Zapharula's family is among the poorest of the poor in Bangladesh.
Not only landless and jobless, they lack even the community
structure of village life. Aid workers say it's families
like this one in Bangladesh and elsewhere that are most
vulnerable to exploitation. Climate change, meanwhile, threatens
to thrust millions more families into desperate conditions.
"The more the climate changes, the more
destitute people are becoming," said Ruhul Amin, who
runs a nonprofit agency that builds awareness in villages
about trafficking and works with local authorities to locate
victims and prosecute traffickers. "The poorer people
are, the more vulnerable they are to trafficking,"
Amin explained. "With all this flooding, people can
approach poor families and say, 'Look, you have nothing
here,'" luring women and girls off with visions of
a financially secure marriage or a well-paying job in Dhaka's
garment industry.
The Human Security Network, a coalition of
14 countries that meets at the foreign minister level to
raise awareness about a range of humanitarian issues, has
warned that climate migration could cause still more trafficking.

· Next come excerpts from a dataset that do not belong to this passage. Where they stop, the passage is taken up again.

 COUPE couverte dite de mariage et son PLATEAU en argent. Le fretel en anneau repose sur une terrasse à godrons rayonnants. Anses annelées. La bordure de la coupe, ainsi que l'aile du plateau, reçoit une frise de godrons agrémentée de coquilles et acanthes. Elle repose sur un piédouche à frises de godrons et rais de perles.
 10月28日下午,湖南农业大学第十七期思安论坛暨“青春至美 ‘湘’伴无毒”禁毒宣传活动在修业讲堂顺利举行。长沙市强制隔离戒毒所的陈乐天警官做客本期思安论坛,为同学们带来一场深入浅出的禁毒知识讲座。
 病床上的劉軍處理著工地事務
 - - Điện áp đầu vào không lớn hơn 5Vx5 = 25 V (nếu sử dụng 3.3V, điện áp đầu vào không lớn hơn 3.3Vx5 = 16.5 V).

"Women and children refugees created by natural disasters
or conflicts caused by scarcity of resources are exposed
to increased risks compared to male refugees," a 2007
Human Security report on climate change found, adding that
girls in particular "are vulnerable to exploitation,
trafficking and other forms of gender-based violence."
As Amin spoke, he handed over a booklet of
handwritten pages. On each line were the meticulously recorded
entries of the missing:
Shamina Parvin, 5. Nature of incident: trafficking.

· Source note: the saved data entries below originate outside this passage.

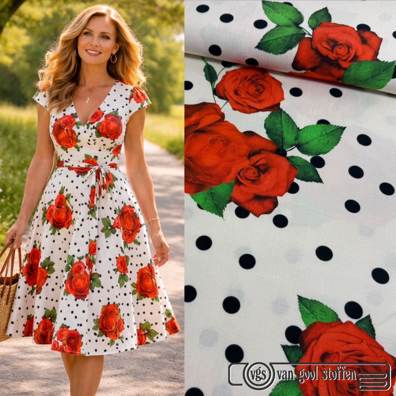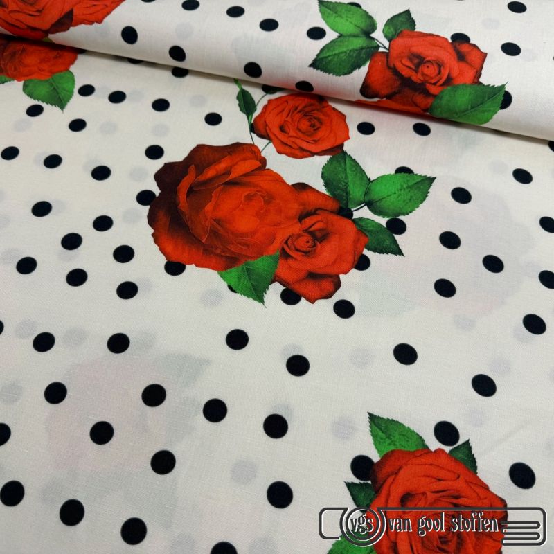 Linnen viscose polka dots met rozen exclusieve designer stof
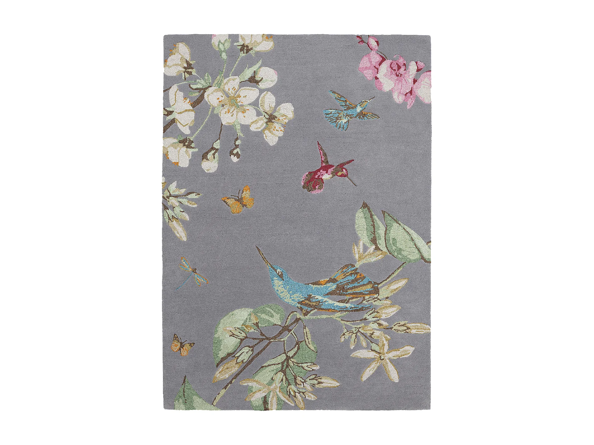 tappeto per camera da letto 170x240 realizzato a mano in lana grigio e panna fantasia floreale
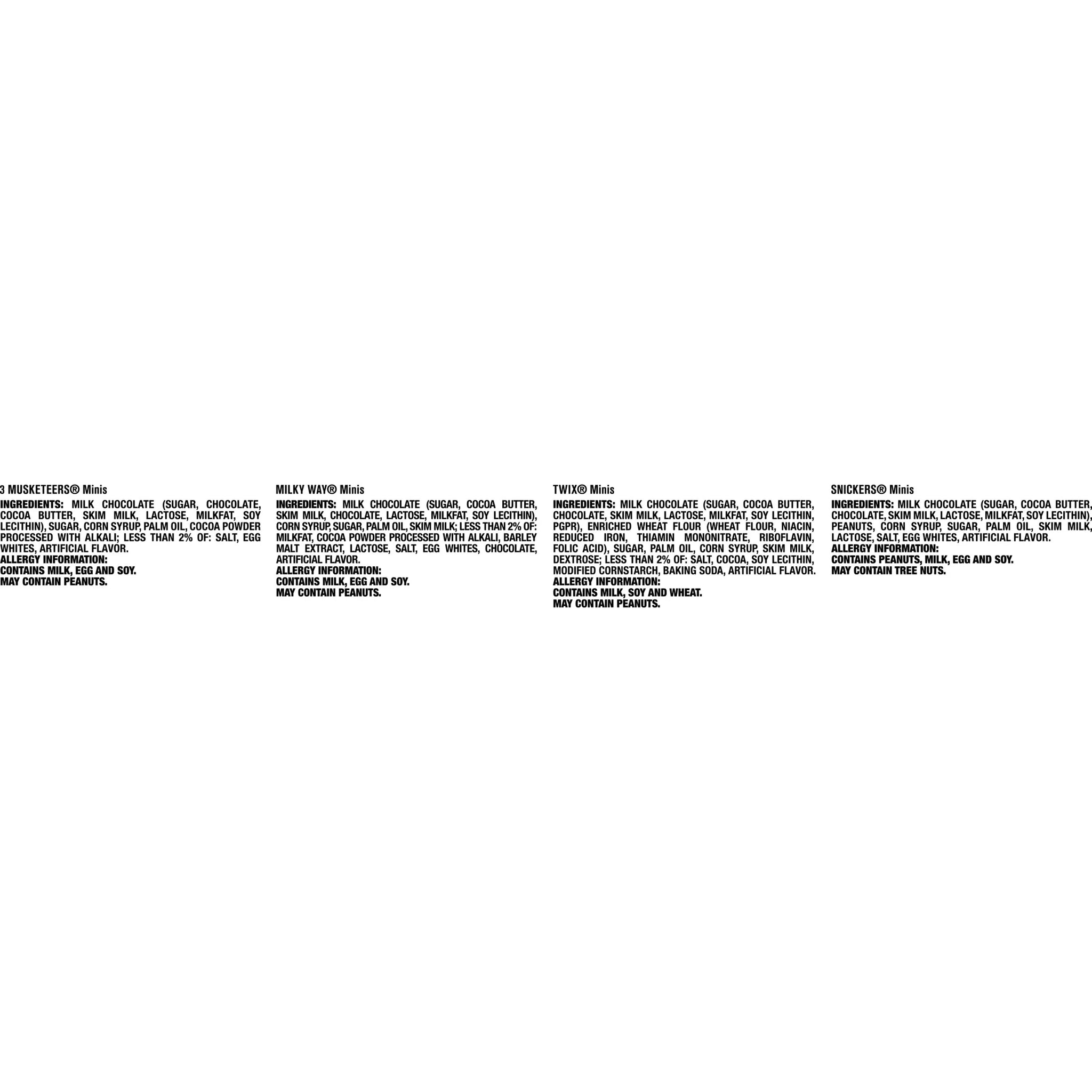 • Features a miniature assortment of SNICKERS Candy Bars, TWIX Caramel Cookie Bars, MILKY WAY Caramel Chocolate Bars, and 3 MUSKETEERS Chocolate Candy Bars

Rezia Khan, 14. Nature of incident: trafficking. Monira
Khatun, 13.
Nature of incident: trafficking.
Girls younger than 17 fetch the best prices, about 200,000
taka -- the equivalent of almost $3,000, Amin says. Women
between the ages of 25 to 40 bring about half that. Meanwhile,
widows -- vulnerable in the villages with no man to protect
them -- are sold for their work skills, as well. They're
worth about 60,000 taka, or $870.
Amin described what they know about the trafficking
system. Outright kidnappings, he said, are less common than
they were a decade ago, and he credits awareness programs
like his for that change. But traffickers are just as often
people who are known in the villages, and it remains common
for young girls to be approached by a seemingly concerned
neighbor.
Children from large families make particularly good prey,
Amin said. So do the adventurous ones.
'A lot of women, they have no chance of coming back'
"They say, 'If you come with us, we can get you a job
and you can help your father out.' But as soon as they give
their trust to them, then they are trafficked. A lot of
women, they have no chance of coming back," he said.
Those middlemen and women might get about
12,000 taka, or $175, for luring a victim. The border smugglers
who get the girl to India across one of the region's 30
illegal crossing points, known as ghats, earn more. The
predators rarely hit the same village twice.

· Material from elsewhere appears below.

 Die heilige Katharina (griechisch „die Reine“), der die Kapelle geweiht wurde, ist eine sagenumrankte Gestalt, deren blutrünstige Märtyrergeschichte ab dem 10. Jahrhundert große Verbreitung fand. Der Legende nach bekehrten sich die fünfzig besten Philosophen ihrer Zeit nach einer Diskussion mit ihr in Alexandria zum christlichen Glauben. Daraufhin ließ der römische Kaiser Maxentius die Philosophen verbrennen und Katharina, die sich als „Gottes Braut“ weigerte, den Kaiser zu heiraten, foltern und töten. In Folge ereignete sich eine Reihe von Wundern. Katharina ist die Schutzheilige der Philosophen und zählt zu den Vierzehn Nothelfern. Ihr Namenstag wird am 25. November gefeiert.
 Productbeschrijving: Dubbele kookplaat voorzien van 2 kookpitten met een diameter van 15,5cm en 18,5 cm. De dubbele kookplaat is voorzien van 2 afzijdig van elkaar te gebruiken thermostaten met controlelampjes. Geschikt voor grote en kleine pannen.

Sophia, 37, whose home is a thatched hut by
the side of the road near Satkhira, said she didn't think
much of it when her teenage daughter told her a local woman
was encouraging the girl to find a job in Dhaka's thriving
garment industry. Sophia told her daughter to put that idea
out of her head, and considered the conversation finished.
Then one day the girl said she was headed
to find work at the fish processing factory and never returned.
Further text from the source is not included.